Mining meaningful hypertension medication events from routinely collected EHR data.
Primary care research databases derived from UK electronic health records (EHRs) contain coded prescription information. Much of this information is unstructured or unordered, and interpretation is required to assign clinical meaning to it.
Here is an algorithm for constructing meaningful prescription events from primary care electronic health records. These events detail the initiation, termination and alteration of antihypertensive therapy, and are useful for further analyses.
- Perl ≥ 5.22.0
- nodejs ≥ 0.10.0 (https://nodejs.org)
- git (https://git-scm.com/)
Earlier versions may work but are untested.
The following shows how to get up and running quickly using example data.
-
Open a command line prompt and clone this repository
git clone https://github.com/rw251/research-events-medication-htn
-
Navigate into the newly created directory
cd research-events-medication-htn
-
Install the dependencies
npm install
-
Process some example data by following on screen instructions using
npm run example
-
Output in
resources\example-data.txt.done.sorted.processed
$ node index.js --help
Usage: index [options]
Options:
-h, --help output usage information
-V, --version output the version number
-c, --process-codes <file> Takes <file> with a list of codes, and outputs a file with code, drug family, drug type and dose(mg)

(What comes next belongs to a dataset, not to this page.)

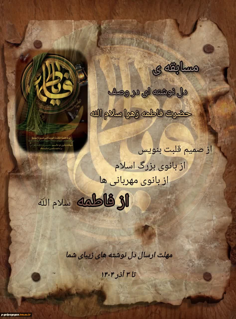 امتیاز دهید : مسابقه دانشجویی دل نوشته ای زیبا در وصف حضرت فاطمه زهرا سلام الله 2 دوشنبه 26 آبان 1404 ساعت 14:24

-i, --process-instructions <file> Takes <file> with a list of drug instructions (e.g. "take one a day"), and outputs a file with instruction and tablets per day
-a, --process-all <file> Takes <file> with a list of drug information and outputs the data necessary for the algorithm
The main algorithm requires a tab separated input file containing the following fields:
- Patient id - any value will do provided it is consistent throughout the file
- Drug type - the active ingredient in the medication e.g. propranolol, captopril
- Date - the date of the prescription in the form YYYY-MM-DD
- Tablets - the number of tablets prescribed
- Tablets per day - the number of tablets to be taken each day
- Dose (mg) - the dose in milligrams in each tablet
- Drug family - not currently used but still a required field
The file should not contain a header row and should be sorted first by patient id, then by drug type and finally by date.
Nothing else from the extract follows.